D.MUTLULUK İÇİN TRİPTOFAN:

Triptofan, mutluluk hormonu olan serotonini arttırır. Triptofan ihtiyacını karşılamak için yumurta, ceviz, yulaf ve peynir yiyin. Mutluluk hormonu arttıkça iştah azalır. Ayrıca uyku bozukluklarında ve depresyonda vücuttaki triptofan düzeyi düşer.

Haberin Devamı

DENGELİ BESLENMEK İÇİN ; BESİN VE DUYGU GÜNLÜĞÜ

Çoğu zaman insanlar ruh halleri kötüyken bir şeyler atıştırmaya çalışır, mutsuzken çikolata, kızgınken cips veya ne bulursa yer ve sıkıntılı duygulardan bu şekilde kurtulacağını sanır.

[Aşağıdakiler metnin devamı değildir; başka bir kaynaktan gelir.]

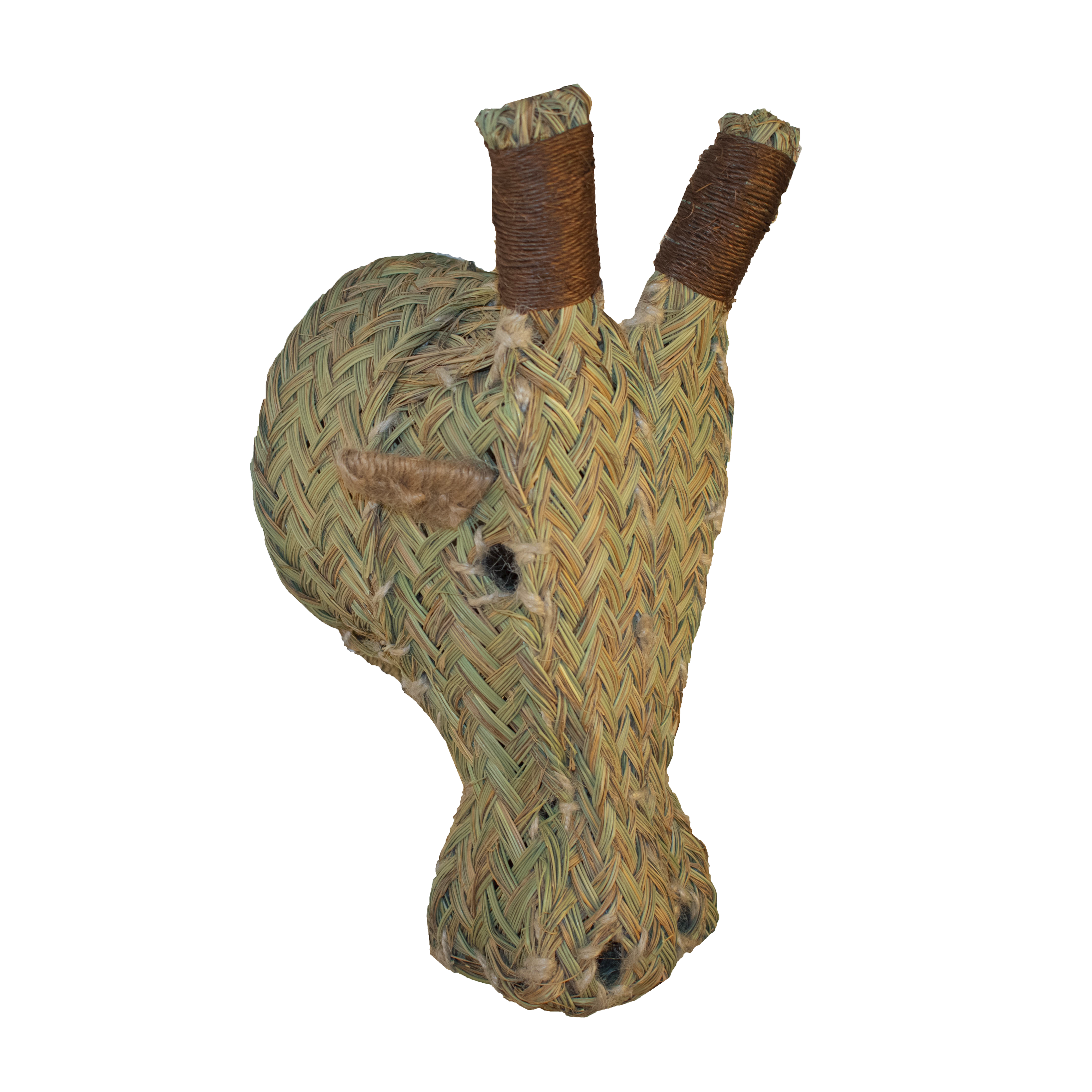 Cabeza de jirafa de esparto. Disponible en distintos tamaños. Ideal como detalle decorativo para crear ambientes únicos y dar a tu hogar, negocio o evento un toque natural. Es un producto hecho a mano nacional con una larga tradición y muy resistente además de práctico.

Bu yüzden duyguların farkında olmak ve duyguları hissetmeye izin vermek önemlidir, negatif duyguları hissetmek gayet normaldir.

Duygusal yeme alışkanlığından kurtulmak, hem de neyi, nasıl yediğinizi öğrenmek için günlük tutmak çok yardımcı olmaktadır. Yapılan araştırmalarda günlük beslenmesini ve ruh halini kaydetmeyi alışkanlık haline getiren bireyler, ideal kiloya inme ve bu kiloyu korumak açısından daha başarılı olmaktadır.